What you have to do:
Every line of the listing below from the one with "เอร็ดอร่อยได้คุณค่าไปกับ นม UHT" up to and including the one with "Since the development" should be retyped exactly, and nothing else; pictures are not part of the copy.

=== Data for the task ===

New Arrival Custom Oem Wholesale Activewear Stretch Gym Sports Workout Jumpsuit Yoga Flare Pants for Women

===
=== Data for the task ===

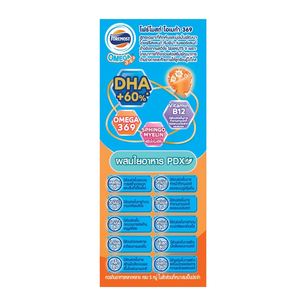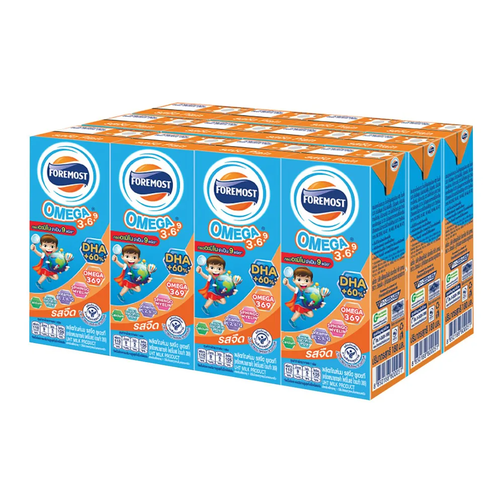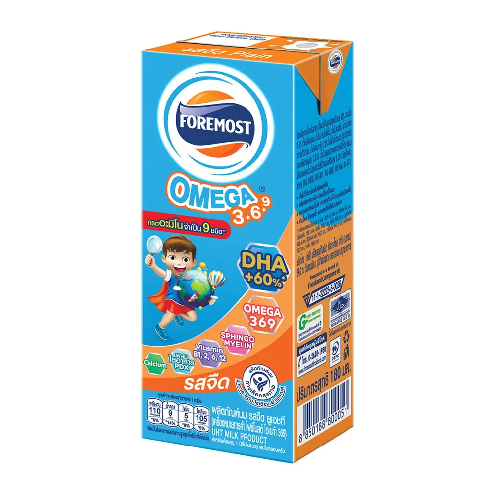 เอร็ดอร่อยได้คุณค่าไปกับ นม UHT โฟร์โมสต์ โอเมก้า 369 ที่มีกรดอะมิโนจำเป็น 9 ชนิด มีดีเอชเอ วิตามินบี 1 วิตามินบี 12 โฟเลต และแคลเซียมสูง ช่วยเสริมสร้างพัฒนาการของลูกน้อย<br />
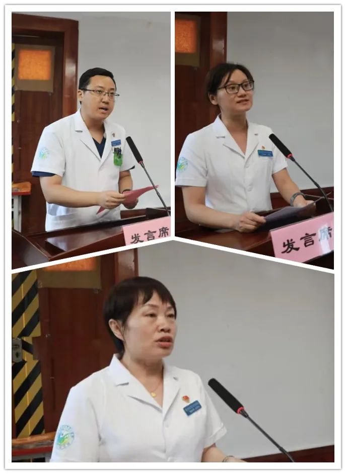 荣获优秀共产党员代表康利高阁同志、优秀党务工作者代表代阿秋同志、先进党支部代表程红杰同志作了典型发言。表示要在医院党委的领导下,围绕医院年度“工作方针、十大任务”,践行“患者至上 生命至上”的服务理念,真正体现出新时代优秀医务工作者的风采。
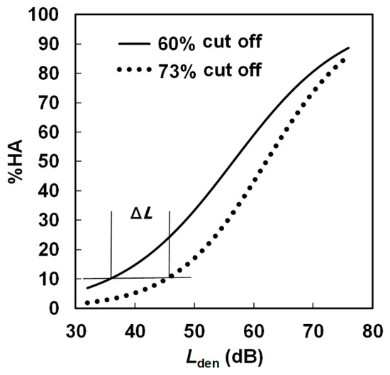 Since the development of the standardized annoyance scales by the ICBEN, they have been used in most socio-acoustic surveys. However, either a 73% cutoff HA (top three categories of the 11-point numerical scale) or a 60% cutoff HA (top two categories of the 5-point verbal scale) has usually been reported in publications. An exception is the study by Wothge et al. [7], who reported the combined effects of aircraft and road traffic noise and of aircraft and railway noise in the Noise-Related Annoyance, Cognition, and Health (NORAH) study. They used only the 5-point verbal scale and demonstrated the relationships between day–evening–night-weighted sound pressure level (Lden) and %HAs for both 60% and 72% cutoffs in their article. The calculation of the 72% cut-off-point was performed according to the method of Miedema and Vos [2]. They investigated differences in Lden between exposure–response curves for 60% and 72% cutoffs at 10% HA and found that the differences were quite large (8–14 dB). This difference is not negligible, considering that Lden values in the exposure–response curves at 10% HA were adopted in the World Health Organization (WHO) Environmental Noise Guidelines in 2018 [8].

===

Completed task:
 เอร็ดอร่อยได้คุณค่าไปกับ นม UHT โฟร์โมสต์ โอเมก้า 369 ที่มีกรดอะมิโนจำเป็น 9 ชนิด มีดีเอชเอ วิตามินบี 1 วิตามินบี 12 โฟเลต และแคลเซียมสูง ช่วยเสริมสร้างพัฒนาการของลูกน้อย<br />
 荣获优秀共产党员代表康利高阁同志、优秀党务工作者代表代阿秋同志、先进党支部代表程红杰同志作了典型发言。表示要在医院党委的领导下,围绕医院年度“工作方针、十大任务”,践行“患者至上 生命至上”的服务理念,真正体现出新时代优秀医务工作者的风采。
 Since the development of the standardized annoyance scales by the ICBEN, they have been used in most socio-acoustic surveys. However, either a 73% cutoff HA (top three categories of the 11-point numerical scale) or a 60% cutoff HA (top two categories of the 5-point verbal scale) has usually been reported in publications. An exception is the study by Wothge et al. [7], who reported the combined effects of aircraft and road traffic noise and of aircraft and railway noise in the Noise-Related Annoyance, Cognition, and Health (NORAH) study. They used only the 5-point verbal scale and demonstrated the relationships between day–evening–night-weighted sound pressure level (Lden) and %HAs for both 60% and 72% cutoffs in their article. The calculation of the 72% cut-off-point was performed according to the method of Miedema and Vos [2]. They investigated differences in Lden between exposure–response curves for 60% and 72% cutoffs at 10% HA and found that the differences were quite large (8–14 dB). This difference is not negligible, considering that Lden values in the exposure–response curves at 10% HA were adopted in the World Health Organization (WHO) Environmental Noise Guidelines in 2018 [8].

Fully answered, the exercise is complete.